= Eristavi of Guria =

Georgian noble

Coat of Arms of Guriis Eristavi (Eristavi of Guria)

The House of Guriis Eristavi (გურიის ერისთავი) or Eristavi of Guria, was a Georgian noble family, a branch of the Shervashidze, dynasts in Abkhazia. Initially in the XV century, during the reign of House of Gurieli, the position was held by the noble family of Gugunava and in the XVI century – House of Kobaladze. Throughout the XVII century, the office was supervised by Tavadi Giorgi Sharvashidze, brother-in-law of Mamia III Gurieli.

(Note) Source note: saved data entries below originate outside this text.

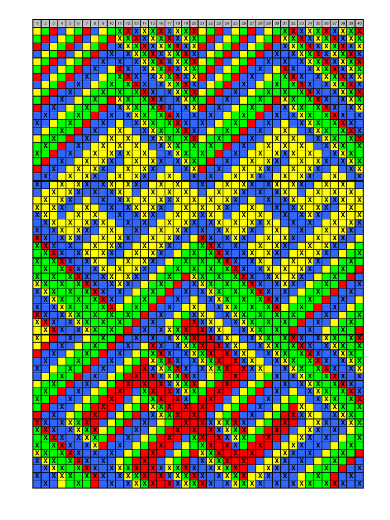 Die Farben in der ersten Reihe stehen für die, die im vorderen oberen Loch (zum Weber hin) zeigen.
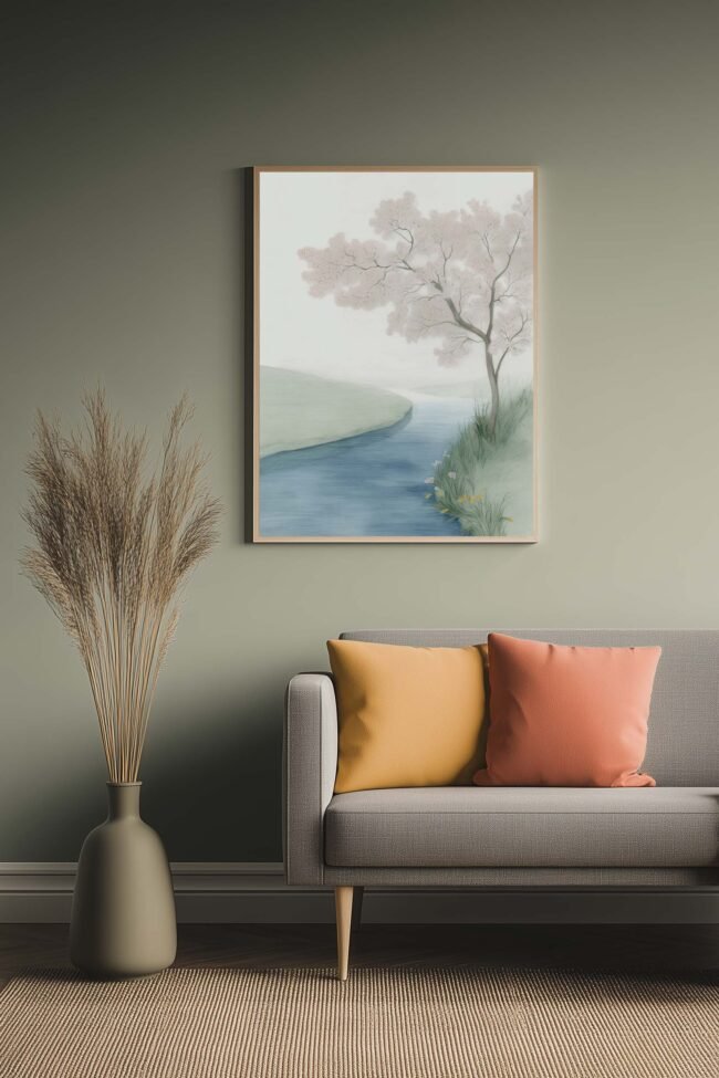 Acrylic art print of the Chanel No. 5 bottle with roses. The painting shows soft pastel tones of pink and gold, with green leaves against a muted grey background. Perfect for fashion lovers and design enthusiasts, this piece adds a sophisticated and romantic touch to any space.
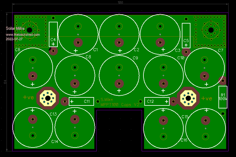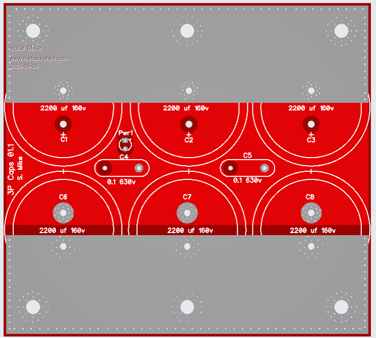 The common shared input capacitor bank sits on a hat pcb above the main board, have made a couple to suit differing electro sizes.

Giorgi and his posterity received the feudal domains with monasteries of Gomaghali and Erketi (where there ancestral crypt was located) and Satavado (county) lands of Sajavakho that before was belonged to House of Chiladze. Thus, their surname derives from the title of eristavi ("duke") and in the 18th century, the family bore the name Eristavi-Sharvashidze (ერისთავი-შერვაშიძე). On December 6, 1850, the family was received among the princely nobility of the Russian Empire as knyaz Eristov-Guriisky (Эристов-Гурийский).

The noble family of Maksimenishvili (მაქსიმენიშვილი) was a possible collateral branch of the Eristavi-Sharvashidze. They were also confirmed in the Russian title of knyaz in 1850.

== Sources ==

- S.V. Dumin, Noble Families of Russian Empire. Vol. 4, The Georgian Kingdom (Дворянские Роды Российской Империи. Том 4 Князья Царства Грузинского), 1998, p. 265.